[Task requirements]
Your job is to retype all of the data word for word, leaving every image out.
-------- Data section
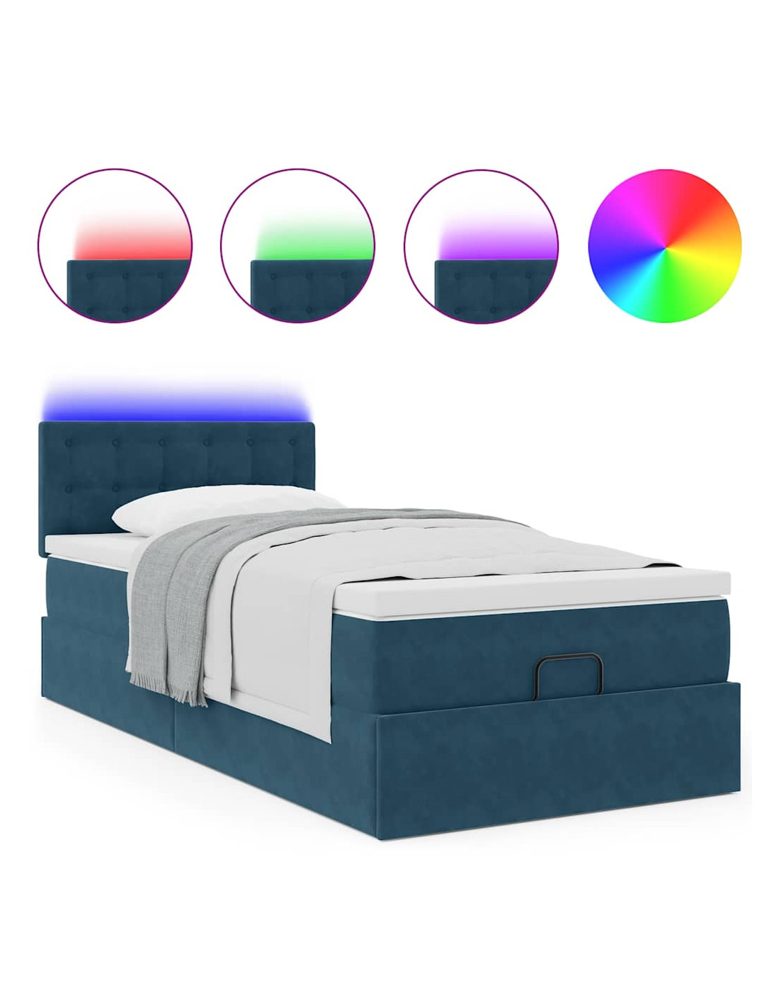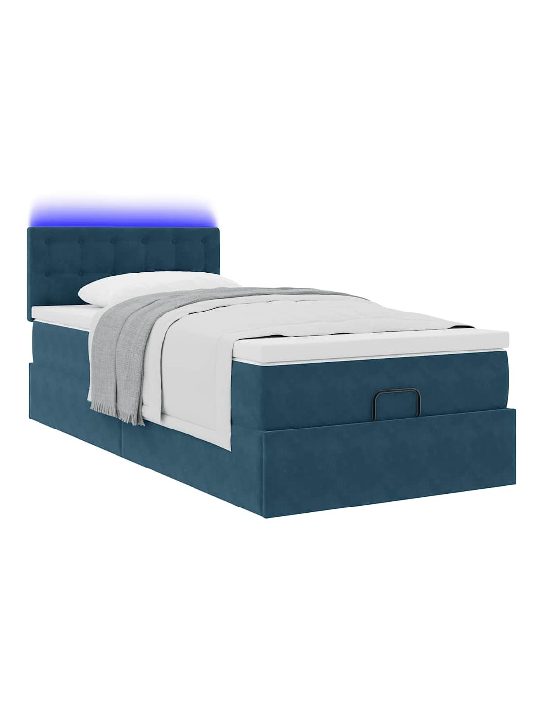 Pouf Letto con Materasso e LED Blu Scuro 80x200cm in Velluto
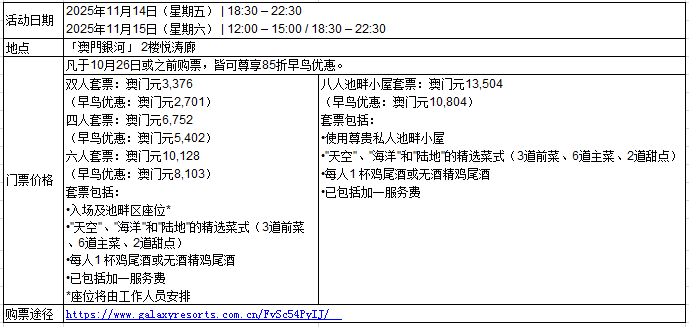 澳门引人入胜的美食盛会于11月14至15日星汇银河;于10月26日前购票可尊享早鸟优惠。
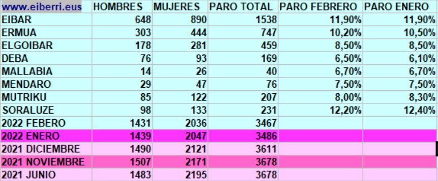 DEBABARRENA |El segundo mes del año refleja unos datos ligeramente más positivos que enero en la comarca, aunque las variaciones son mínimas. En febrero en la comarca se registraron 3.467 desempleados frente a los 3.486 del mes de enero, es decir, 19 personas han conseguido un empleo en las últimas semanas. Por localidades Ermua, Mutriku y Soraluze consiguen mejorar sus datos, frente a Deba donde empeora la tasa del paro. En el resto de localidades como en Eibar, Elgoibar y Mallabia el porcentaje no ha variado.
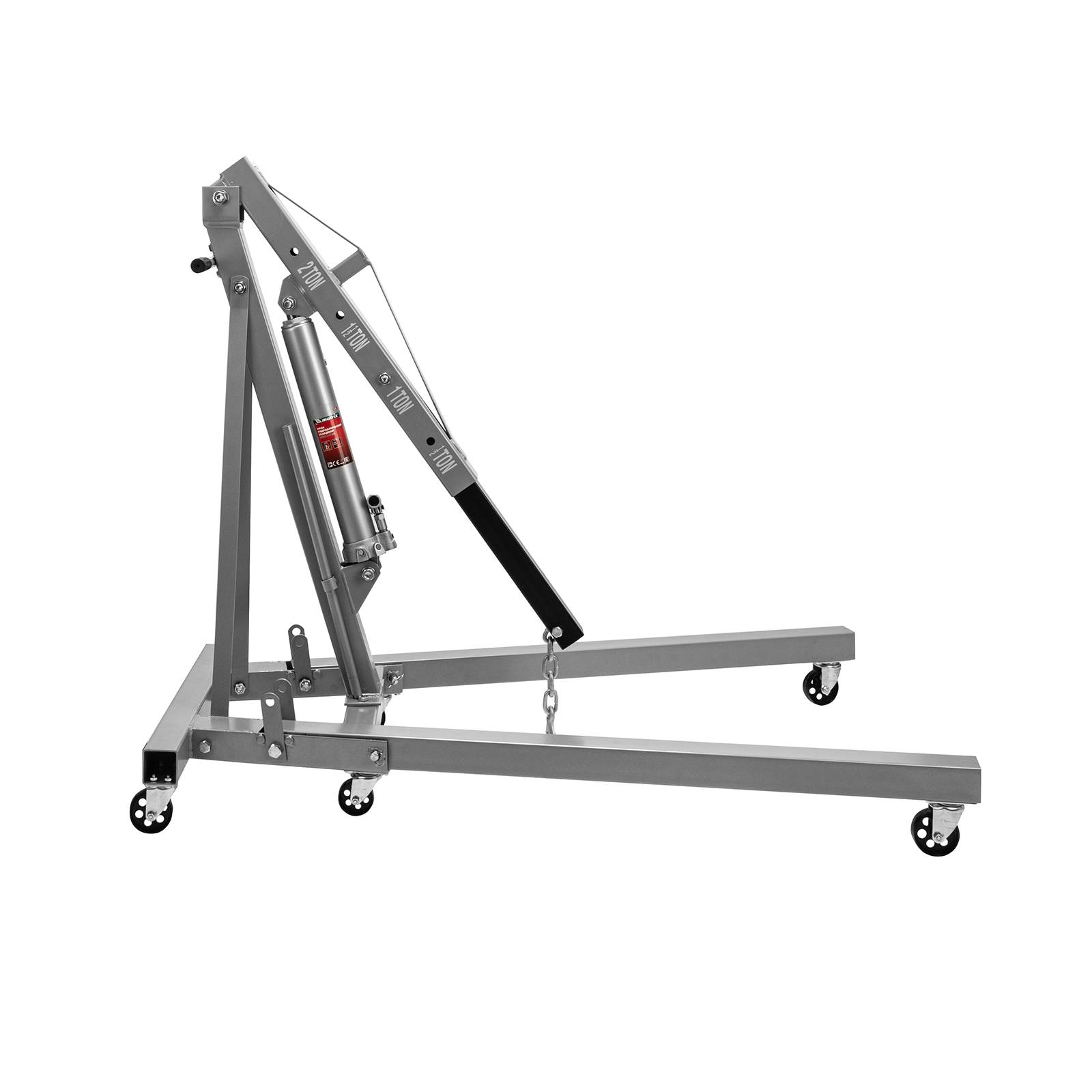 Складной гидравлический кран Matrix 567325 грузоподъемностью до 2 т, поставляющийся комплектом из 2 частей, — мобильное устройство для подъема на высоту с 25 до 2200 мм и перемещения тяжелых элементов автомобильного оборудования. Устройство изготовлено из стали и выдерживает повышенные нагрузки. Величина вылета стрелы регулируется в зависимости от массы груза. Кран совместим с траверсой Matrix 567275. Используется в автосервисах для демонтажа и монтажа автомобильных двигателей, будет полезен и в частном гараже.
----------------
[Written response]
 Pouf Letto con Materasso e LED Blu Scuro 80x200cm in Velluto
 澳门引人入胜的美食盛会于11月14至15日星汇银河;于10月26日前购票可尊享早鸟优惠。
 DEBABARRENA |El segundo mes del año refleja unos datos ligeramente más positivos que enero en la comarca, aunque las variaciones son mínimas. En febrero en la comarca se registraron 3.467 desempleados frente a los 3.486 del mes de enero, es decir, 19 personas han conseguido un empleo en las últimas semanas. Por localidades Ermua, Mutriku y Soraluze consiguen mejorar sus datos, frente a Deba donde empeora la tasa del paro. En el resto de localidades como en Eibar, Elgoibar y Mallabia el porcentaje no ha variado.
 Складной гидравлический кран Matrix 567325 грузоподъемностью до 2 т, поставляющийся комплектом из 2 частей, — мобильное устройство для подъема на высоту с 25 до 2200 мм и перемещения тяжелых элементов автомобильного оборудования. Устройство изготовлено из стали и выдерживает повышенные нагрузки. Величина вылета стрелы регулируется в зависимости от массы груза. Кран совместим с траверсой Matrix 567275. Используется в автосервисах для демонтажа и монтажа автомобильных двигателей, будет полезен и в частном гараже.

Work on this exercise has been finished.